Start of PROVIDED DATA

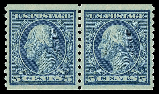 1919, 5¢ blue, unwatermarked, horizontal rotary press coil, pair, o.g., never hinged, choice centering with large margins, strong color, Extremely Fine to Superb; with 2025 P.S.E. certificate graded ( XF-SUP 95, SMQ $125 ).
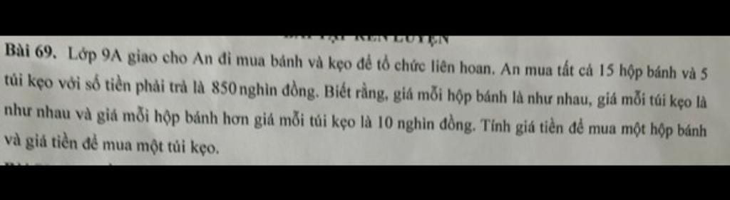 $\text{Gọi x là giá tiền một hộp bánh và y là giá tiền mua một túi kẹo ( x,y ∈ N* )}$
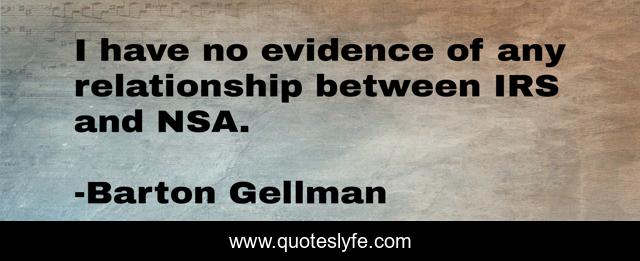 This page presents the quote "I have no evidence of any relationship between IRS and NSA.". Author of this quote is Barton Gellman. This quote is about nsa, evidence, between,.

End of PROVIDED DATA
Start of PROVIDED DATA

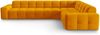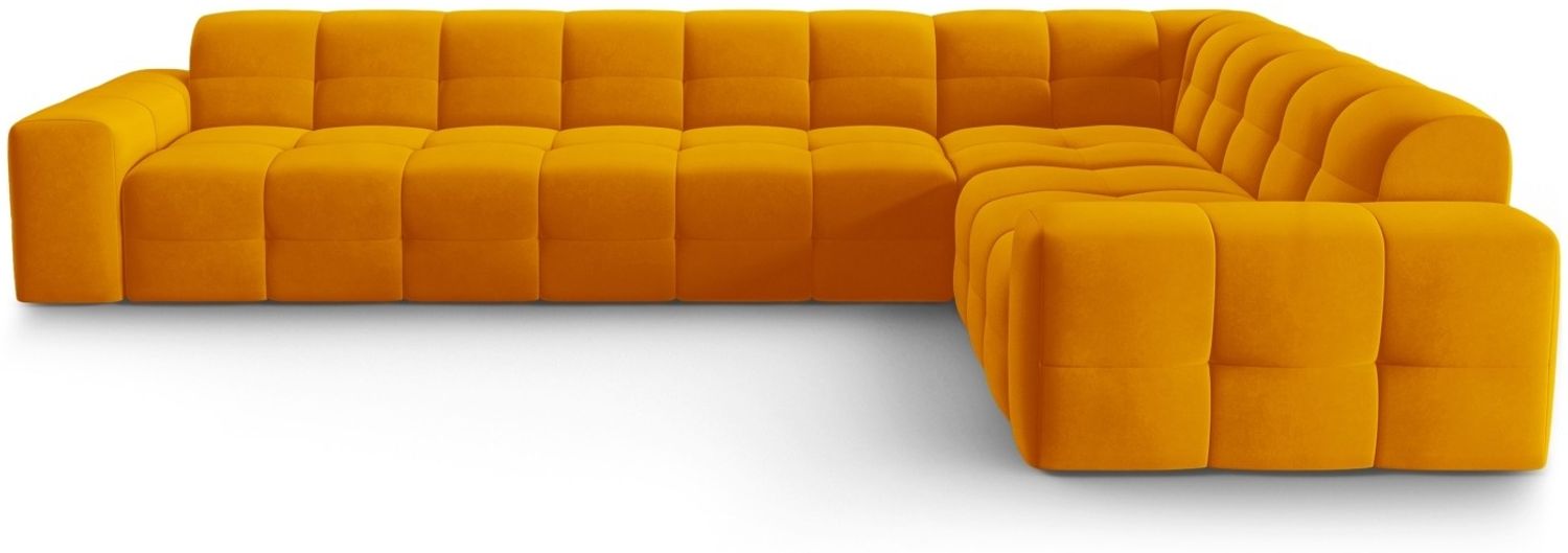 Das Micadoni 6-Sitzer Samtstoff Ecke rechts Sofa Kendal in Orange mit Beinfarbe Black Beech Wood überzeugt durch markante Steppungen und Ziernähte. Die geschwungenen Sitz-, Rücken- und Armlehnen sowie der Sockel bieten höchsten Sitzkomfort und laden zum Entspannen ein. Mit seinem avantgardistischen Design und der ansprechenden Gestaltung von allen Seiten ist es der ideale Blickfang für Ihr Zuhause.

End of PROVIDED DATA

When you reach the line containing "1919, 5¢ blue, unwatermarked, horizontal" in the entries above, begin restating word for word, and stop once the line containing "This page presents" has been given. Omit the pictures.

 1919, 5¢ blue, unwatermarked, horizontal rotary press coil, pair, o.g., never hinged, choice centering with large margins, strong color, Extremely Fine to Superb; with 2025 P.S.E. certificate graded ( XF-SUP 95, SMQ $125 ).
 $\text{Gọi x là giá tiền một hộp bánh và y là giá tiền mua một túi kẹo ( x,y ∈ N* )}$
 This page presents the quote "I have no evidence of any relationship between IRS and NSA.". Author of this quote is Barton Gellman. This quote is about nsa, evidence, between,.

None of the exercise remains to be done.